Should we keep the null pointer check to prevent null pointer 
dereference and return 0? Or would it be better to allow the null 
pointer deference to go through so we can catch misuse of the API and 
ask clients to use qcom_smem_is_available()?
Bjorn Andersson May 29, 2024, 2:08 a.m. UTC | #3
On Tue, May 28, 2024 at 03:50:25PM -0700, Chris Lew wrote:
> 
> 
> On 5/28/2024 2:55 PM, Bjorn Andersson wrote:
> > On Fri, May 24, 2024 at 06:26:42PM GMT, Chris Lew wrote:
> > > Add qcom_smem_bust_hwspin_lock_by_host to enable remoteproc to bust the
> > > hwspin_lock owned by smem.
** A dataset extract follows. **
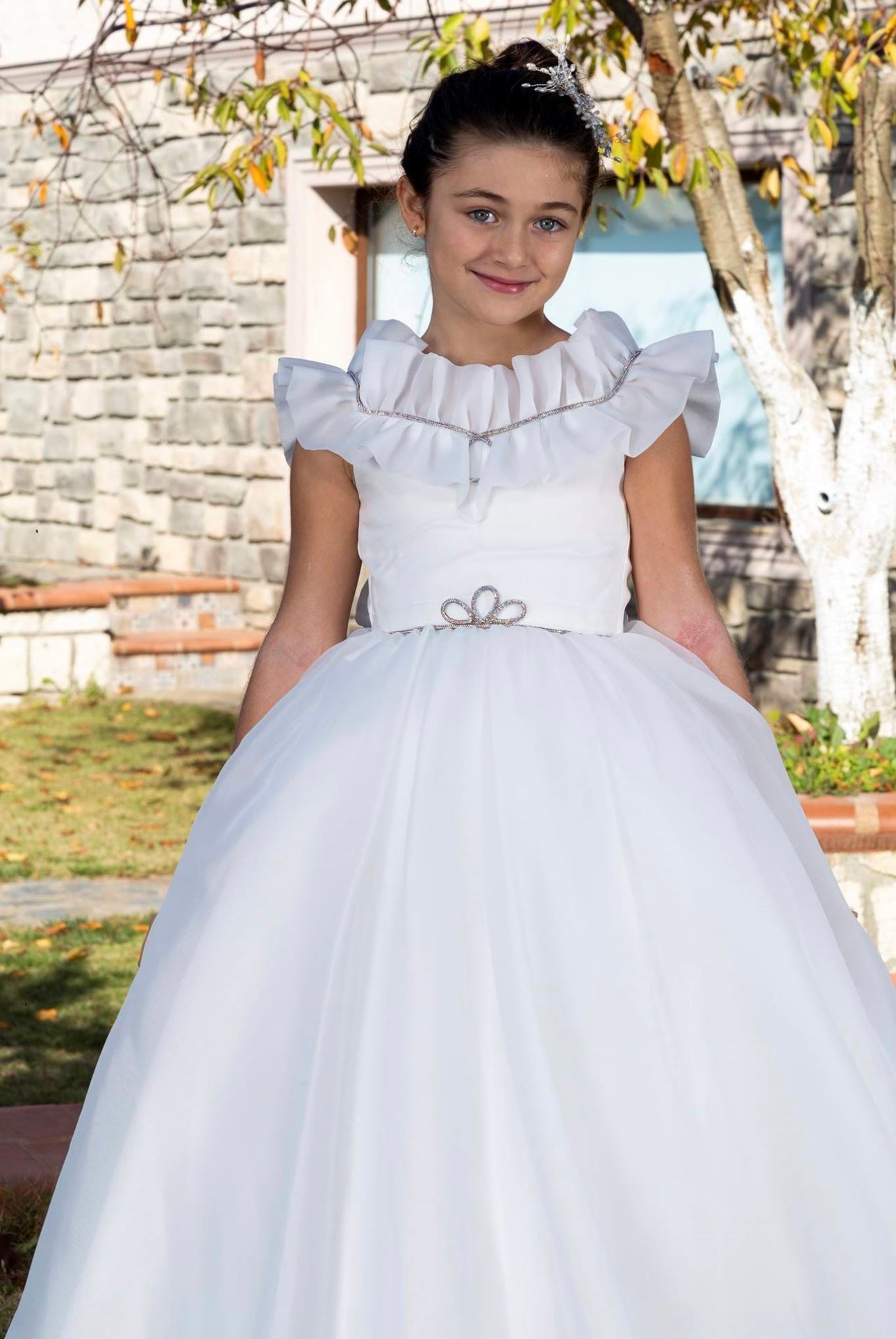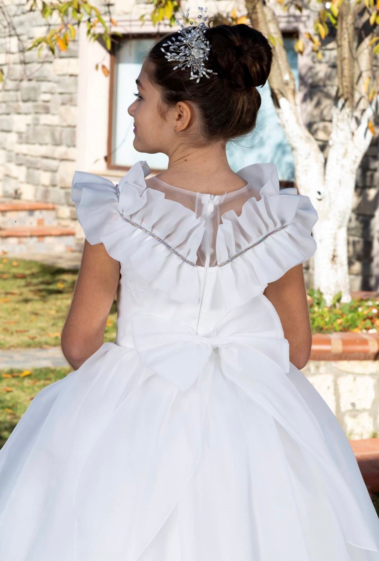 WHITE RUFFLED DRESS WITH STONE DETAILS FOR WEDDINGS COMMUNION AND SPECIAL OCCASIONS
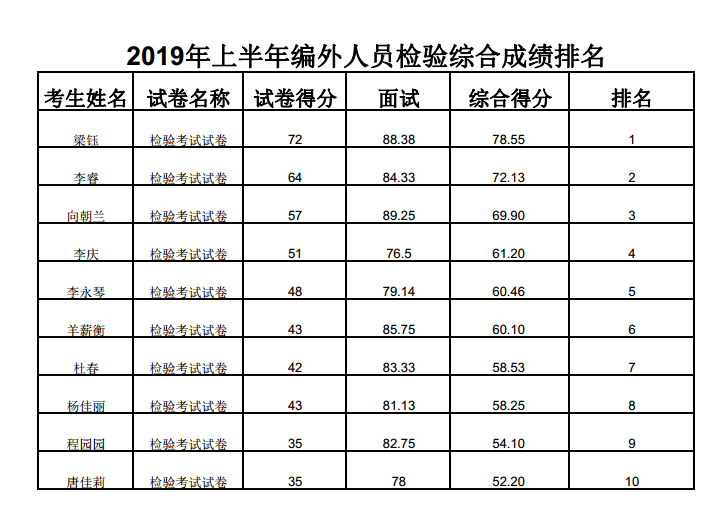 根据眉山市彭山区卫生健康局《关于2019年上半年区人民医院招聘编外工作人员的公告》规定,现将2019年上半年彭山区人民医院招聘编外工作人员的总成绩及排名公告如下:

In the event the remoteproc crashes
> > > unexpectedly, the remoteproc driver can invoke this API to try and bust
> > > the hwspin_lock and release the lock if still held by the remoteproc
> > > device.
> > > 
> > > Signed-off-by: Chris Lew <quic_clew@quicinc.com>
> > > ---
> > >   drivers/soc/qcom/smem.c       | 28 ++++++++++++++++++++++++++++
> > >   include/linux/soc/qcom/smem.h |  2 ++
> > >   2 files changed, 30 insertions(+)
> > > 
> > > diff --git a/drivers/soc/qcom/smem.c b/drivers/soc/qcom/smem.c
> > > index 7191fa0c087f..683599990387 100644
> > > --- a/drivers/soc/qcom/smem.c
> > > +++ b/drivers/soc/qcom/smem.c
> ...
> > > + *
> > > + * Context: Process context.
> > > + *
> > > + * Returns: 0 on success, otherwise negative errno.
> > > + */
> > > +int qcom_smem_bust_hwspin_lock_by_host(unsigned host)
> > > +{
> > > +	if (!__smem)
> > > +		return -EPROBE_DEFER;
> > 
> > This would be called at a time where -EPROBE_DEFER isn't appropriate,
> > the client should invoke qcom_smem_is_available() at probe time to guard
> > against this.
> > 
> 
> Should we keep the null pointer check to prevent null pointer dereference
> and return 0? Or would it be better to allow the null pointer deference to
> go through so we can catch misuse of the API and ask clients to use
> qcom_smem_is_available()?
> 

I like the helpful callstack you get from the NULL pointer
dereference...

Regards,
Bjorn